The growth in Public-Private Partnerships (PPP) as a way of fulfilling public tasks in partnership between the State and private enterprises is one expression of the current trend in privatisation. Constrained by the limited public funds available, governments are increasingly seeking means of cooperating with private investors in financing infrastructure projects. On top of this, the EU policy on competitive tendering of public works and services has forced changes towards a more market oriented approach to delivering tasks for which the state is responsible. Relevant to this end is also the pro-privatisation argument that state entities are less efficient and that management concepts typical in the commercial sector should be used to achieve more cost-effective provision of public services.
In this context, nowadays a shift can be noticed away from the role of the state as “producer” towards one as “quality assuror” and a trend away from the provision of infrastructure and public services at no cost, financed from public budget, to financing frameworks in which these are paid by the end users. The Private Finance Initiative (PFI) is a method to provide financial support for projects undertaken under private-public arrangements. Developed in 1992 by the UK Government, this concept is currently used in numerous countries around the world.
Each PFI project is different depending on local circumstances. However there are some common threads that run through all projects. The public sector authority signs a contract with a private sector "Operator". During the period of the contract the Operator will provide certain services, which are currently provided by the local authority. The Operator is paid for the work over the course of the contract and on a "no service no fee" performance basis. The authority will design an "output specification" which is a document setting out what the Operator is expected to achieve. If the Operator fails to meet any of the agreed standards it should lose an element of its payment until standards improve. If standards do not improve after an agreed period, the public sector authority is entitled to terminate the contract.
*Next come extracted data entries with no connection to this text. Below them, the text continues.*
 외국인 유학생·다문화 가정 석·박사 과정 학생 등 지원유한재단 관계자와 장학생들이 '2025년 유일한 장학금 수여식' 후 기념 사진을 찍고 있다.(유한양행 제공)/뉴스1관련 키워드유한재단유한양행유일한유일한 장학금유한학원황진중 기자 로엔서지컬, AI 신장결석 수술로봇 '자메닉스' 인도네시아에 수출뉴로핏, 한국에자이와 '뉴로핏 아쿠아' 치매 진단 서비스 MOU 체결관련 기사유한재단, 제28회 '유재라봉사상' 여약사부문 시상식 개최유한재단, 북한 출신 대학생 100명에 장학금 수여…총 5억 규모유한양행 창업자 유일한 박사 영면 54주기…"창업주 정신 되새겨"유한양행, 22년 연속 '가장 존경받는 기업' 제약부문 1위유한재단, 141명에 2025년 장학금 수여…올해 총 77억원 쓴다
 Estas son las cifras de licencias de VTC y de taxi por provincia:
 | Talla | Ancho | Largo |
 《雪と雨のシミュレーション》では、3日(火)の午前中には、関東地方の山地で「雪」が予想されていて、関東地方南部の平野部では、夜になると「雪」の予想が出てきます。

As governments turn to the private sector to provide services once delivered by the public sector, their agencies must have new skills and competencies: design projects with a risks/incentives balance that make them attractive to the private sector, assess the cost to tax payers, contract management skills to oversee the project over its lifetime, advocacy and networking skills across different sectors and levels of government. An increasingly common way to achieve this is through establishing cross-sectoral PPP units. The international experience shows that making the right choices on what roles such units play, where they are located within the public administration, and how conflicts of interest are managed is critical to their success.
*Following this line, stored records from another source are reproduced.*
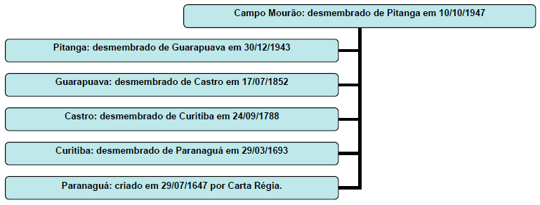 Notamos o caminho para a emancipação no organograma acima, com os desmembramentos políticos e um movimento de redução geográfica desde a criação de Paranaguá até a emancipação do município de Campo Mourão.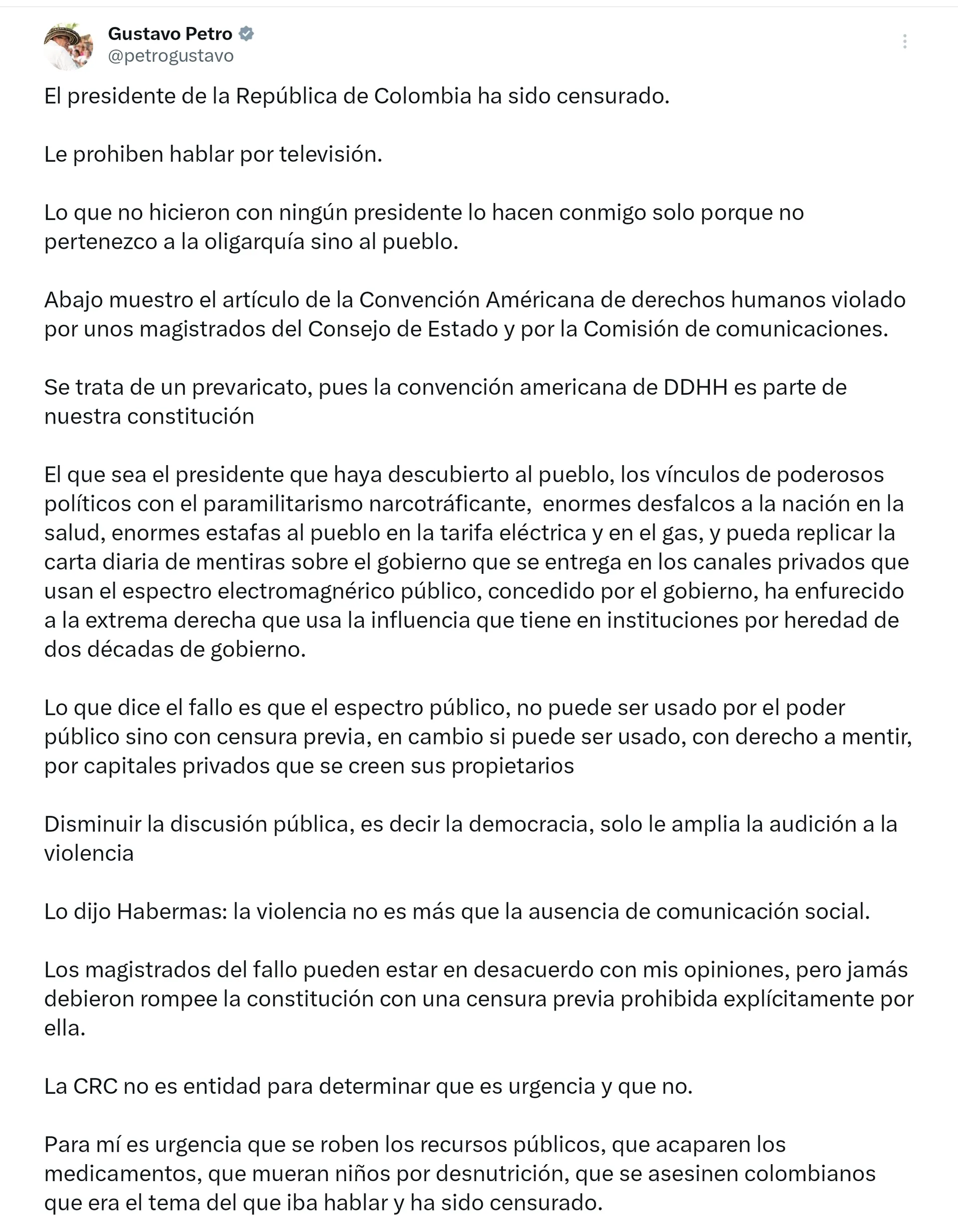 Petro también aprovechó para criticar lo que considera un trato desigual en el uso del espectro electromagnético público. Indicó que, según el fallo, “el espectro público no puede ser usado por el poder público sino con censura previa, en cambio sí puede ser usado, con derecho a mentir, por capitales privados que se creen sus propietarios”, resaltando la paradoja democrática.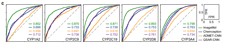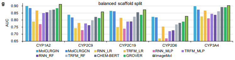 ImageMol 与基于序列的模型(包括 RNN_LR、TRFM_LR、RNN_MLP、TRFM_MLP、RNN_RF、TRFM_RF 和 CHEM-BERT)和基于图的模型(包括 MolCLRGIN、MolCLRGCN 和 GROVER)相比,如图 g 所示,ImageMol 在 CYP1A2、CYP2C9、CYP2C19、CYP2D6、CYP3A4 上实现了更好的 AUC 性能。
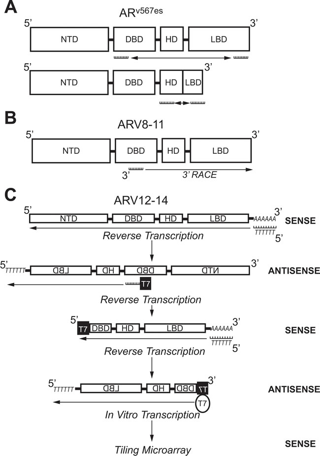 Figure 4: Molecular biology methods used to identify androgen receptor splice variants ARv567es, ARV8-11, and ARV12-14. A. Primers against the coding region for the DBD (Exon 2) and LBD (Exon 8) were used to amplify ARv567es using PCR. Confirmation of exon-skipping was done using PCR with primers against coding regions for the HD (Exon 4) and LBD (Exon 8). B. A primer against the coding region for the DBD (Exon 2/3) was used in 3’-RACE to identify ARV8-11. C. Selective linear amplification of sense RNA (SLASR) was used to identify ARV12-14. After reverse transcription using an oligo-dT primer, reverse transcription was repeated with a primer against the coding region for the DBD (Exon 3) containing the T7 RNA polymerase consensus sequence. A third round of reverse transcription was then performed using an oligo-dT primer. Finally, T7 RNA polymerase was used to amplify DBD-containing transcripts and a tiling microarray performed to identify ARV12-14. AR: Androgen receptor; ARV: Androgen receptor splice variant; DBD: DNA-binding domain; NTD: N-terminal domain; HD: Hinge domain; LBD: Ligand binding domain; RACE: Rapid amplification of DNA ends; SLASR: Selective linear amplification of sense RNA.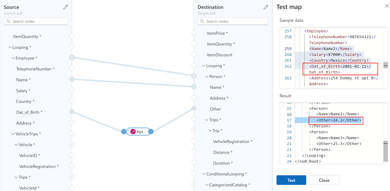 This example uses a test payload and correctly produces results with multiple Address nodes because the source Address node exists in an Employee array, while the destination Address node exists in a Person array.

The PPP units could perform a number of functions ranging from information and guidance, advisory support and funding, up to de jure or de facto approval of PPPs developed by line agencies.
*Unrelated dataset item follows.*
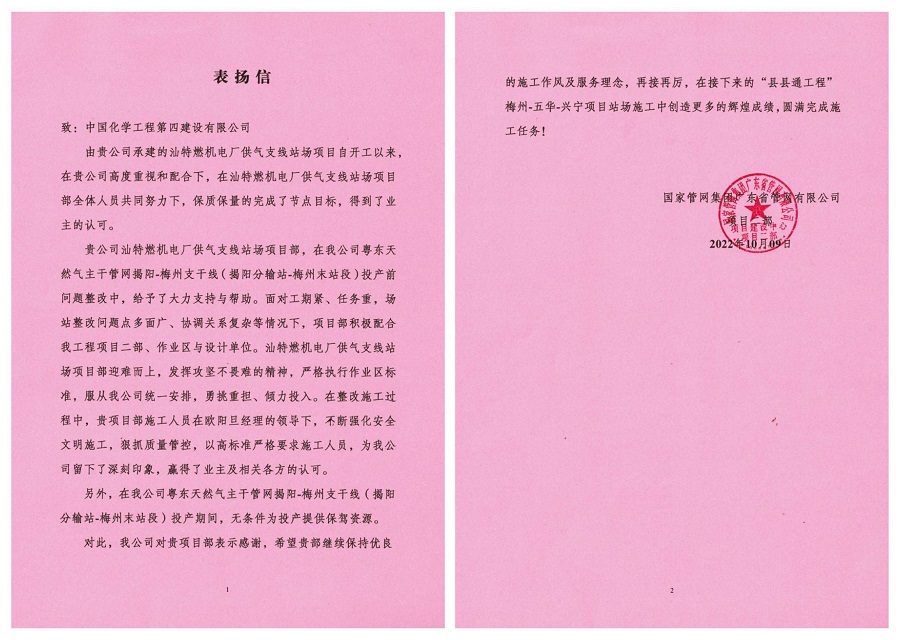 10月9日,東北公司收到國家管網集團廣東省管網有限公司項目二部發來表揚信,對東北公司承建的汕特燃機電廠供氣支線站場項目保質保量完成節點目標以及為粵東天然氣主干管網揭陽—梅州支干線(揭陽分輸站—梅州末站段)投產過程中做出的貢獻,給予表揚和感謝。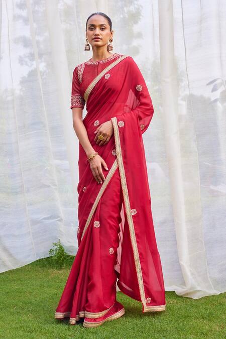 Red-maroon saree with floral zardozi embroidered buttis. Comes with pintucked blouse & petticoat.

PPP units that mainly provide information and guidance are often set-up as a cell within an existing government agency (finance, treasury, planning). However, if the unit is to provide transactions support, it must have the appropriate expertise or organisational structure to be able to buy it in from the private sector. The worldwide options are various, like:
- government owned company - Partnership British Columbia;
- autonomous entity, attached to but not fully part of government’s bureaucracy – Philippine’s BOT Centre;
- joint venture company owned in part by private shareholders – Partnership UK.
However, the overriding factors for the most appropriate administrative structure and positioning of the unit relate to ensuring its high visibility, strong influence and clear political backing.